- WORK INSTRUCTION:
Look below for the line holding "若|x2﹣4x+4|与互为相反数,则x+y的值为____." and the line holding "大族激光創(chuàng)始". Repeat those two and everything between, exactly.

** Opening DATASET EXTRACT block **

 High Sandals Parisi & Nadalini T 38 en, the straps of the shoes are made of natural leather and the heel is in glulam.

** Closing DATASET EXTRACT block **
** Opening DATASET EXTRACT block **

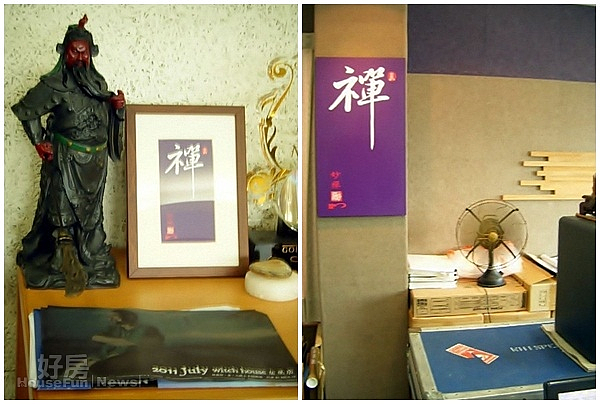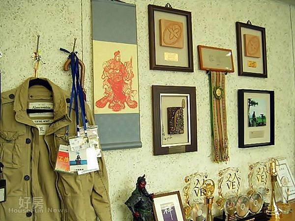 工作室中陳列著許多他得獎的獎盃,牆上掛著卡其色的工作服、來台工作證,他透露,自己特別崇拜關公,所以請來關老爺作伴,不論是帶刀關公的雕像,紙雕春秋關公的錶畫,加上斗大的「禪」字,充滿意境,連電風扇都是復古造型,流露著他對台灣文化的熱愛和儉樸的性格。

** Closing DATASET EXTRACT block **
** Opening DATASET EXTRACT block **

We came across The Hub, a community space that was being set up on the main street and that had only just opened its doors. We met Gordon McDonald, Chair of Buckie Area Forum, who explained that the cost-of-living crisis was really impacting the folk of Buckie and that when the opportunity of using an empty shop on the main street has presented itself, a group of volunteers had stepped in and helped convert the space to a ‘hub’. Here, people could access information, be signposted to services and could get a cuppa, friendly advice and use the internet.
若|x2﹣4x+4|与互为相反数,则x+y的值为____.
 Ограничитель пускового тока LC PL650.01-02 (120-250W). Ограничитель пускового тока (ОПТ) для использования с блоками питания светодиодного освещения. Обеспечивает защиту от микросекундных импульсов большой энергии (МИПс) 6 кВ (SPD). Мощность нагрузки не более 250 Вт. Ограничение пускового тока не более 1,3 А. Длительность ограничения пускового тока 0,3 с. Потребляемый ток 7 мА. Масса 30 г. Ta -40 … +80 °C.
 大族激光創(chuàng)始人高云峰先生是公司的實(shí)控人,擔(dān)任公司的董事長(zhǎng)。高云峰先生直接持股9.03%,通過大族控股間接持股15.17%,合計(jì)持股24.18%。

** Closing DATASET EXTRACT block **

- WRITTEN RESPONSE:
若|x2﹣4x+4|与互为相反数,则x+y的值为____.
 Ограничитель пускового тока LC PL650.01-02 (120-250W). Ограничитель пускового тока (ОПТ) для использования с блоками питания светодиодного освещения. Обеспечивает защиту от микросекундных импульсов большой энергии (МИПс) 6 кВ (SPD). Мощность нагрузки не более 250 Вт. Ограничение пускового тока не более 1,3 А. Длительность ограничения пускового тока 0,3 с. Потребляемый ток 7 мА. Масса 30 г. Ta -40 … +80 °C.
 大族激光創(chuàng)始人高云峰先生是公司的實(shí)控人,擔(dān)任公司的董事長(zhǎng)。高云峰先生直接持股9.03%,通過大族控股間接持股15.17%,合計(jì)持股24.18%。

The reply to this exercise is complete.